It has been observed that emojis and punctuation marks sometimes create perplexity about the emotional level of the data. That’s why in the automatic phase, the emojis were eliminated from the manually processed data. We made an emoji to the hex (E2H) dictionary from [64]. Further, all the elements of E2H were converted to Unicode to cross-check them with our corpus text elements. A dictionary introduced which contains punctuation marks and special symbols (PSD). Assume any text element matched with elements in E2H or PSD substituted with blank space. All the automatic pre- processing was done with a python-made script. After automatic preprocessing, the above example comes into “জাহাজ এই প্রথমবারের মতো উঠা এবং সাগরের মাঝখানে দিয়ে যাওয়ার সময়গুলো ম্যাজিকাল ছিল একদম আহা সৌন্দর্য” Although most of the data collected from on-line sources, few data also created by observing people’s conversations. In social media, many Bengali native talkers wrote their comments or posts in the form of transliterated Bengali. For example, a transliterated sentence, “muvita dekhe amar khub valo legeche. ei rokom movi socharacor dekha hoy na.” (Bangla: “মুভিটা দেখে আমার খুব ভাল লেগেছে। এই রকম মুভি সচারাচর দেখা হয় না” [English translation: I really enjoyed watching this movie. Such movies are not commonly seen]. This type of texts demands to be converted phonetically by the phonetic conversion. However, errors may take place during phonetic conversion. For instance, in the above texts, the word “socharacor (English: usually) could be translated in Bengali as, “সছারাচর” after phonetic conversion whereas the accurate word should be “সচরাচর” Therefore, correction should handle because there is no such word like, “সছারাচর” in Bengali Dictionary [63].

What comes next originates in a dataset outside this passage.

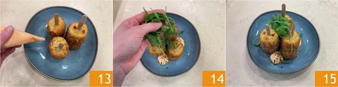 Zum Anrichten platzieren Sie die Maiskolben mit dem Stab nach oben, drücken Sie einige Kleckse Chili-Mayonnaise 13 und garnieren Sie mit Rucola 14, Dill und Schnittlauch. Hier sind Ihre frittierten Maiskolben, genießen Sie sie sofort 15!
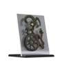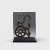 cast bronze, the spoked ring surmounted by a full figure mouflon, its ribbed horns curving round to point downwards, a feline with gaping jaws grasps the side, its legs arched, seemingly reaching up towards its intended prey, to the reverse an integral suspension loop sits behind the mouflon’s head, raised on a bespoke mount

To convert the numeric values into the text form, we designed a converter. For example, the sentence “আমি তাকে ১০ বার কল দিলাম একবারও রিসিভ করল না” (I have called him 10 times but he did not receive for once) has numerical values. So after conversion, it became “আমি তাকে দশ বার কল দিলাম একবারও রিসিভ করল না” (I have called him ten times but he did not receive for once). Raw crawled dataset includes numerous unrelated texts. To decrease annotation efforts for such unrelated texts, we developed a program to obtain only related texts. As data containing less number of words has less chance to contain emotion; thus, data with less than five words are alleviated automatically. The dataset collected from the numerous sources which can contain duplicate data. Data duplication avoided by inspecting the dataset automatically. The resources are available from here.Footnote 1 Texts containing mixed language and neutral emotion is discarded from the dataset by hand. Table 2 shows the few examples of the texts along with their reason to discard.

Table 2 Discarded sentences during preprocessing

Data Labelling

The whole corpus was labelled manually followed by majority voting to assign the suitable label. The initial labelling or annotation tasks performed by 5 undergraduate students having a Computer Engineering background. Group members were instructed to label the text without being prejudiced towards any specific demographic region, customs, and religion. Initial label of the 7125 processed texts are determined by following Algorithm 1.

figure a

For each text tj in the corpus annotators label are counted. ai indicates the ith annotator label for jth text in the corpus. An annotator label a text with an integer from 0 to 5. Here, 0, 1, 2, 3, 4, 5 represents the anger, fear, surprise, sadness, joy and disgust classes, respectively. Label of a text is decided by majority voting [65]. The counter array (CL) holds the annotators vote count of each class for jth text. By using a loop we check the count for all labels. The label which got maximum vote from the annotators is selected as initial label for the jth text. Table 3 shows the annotation example of each emotion classes with their meaning.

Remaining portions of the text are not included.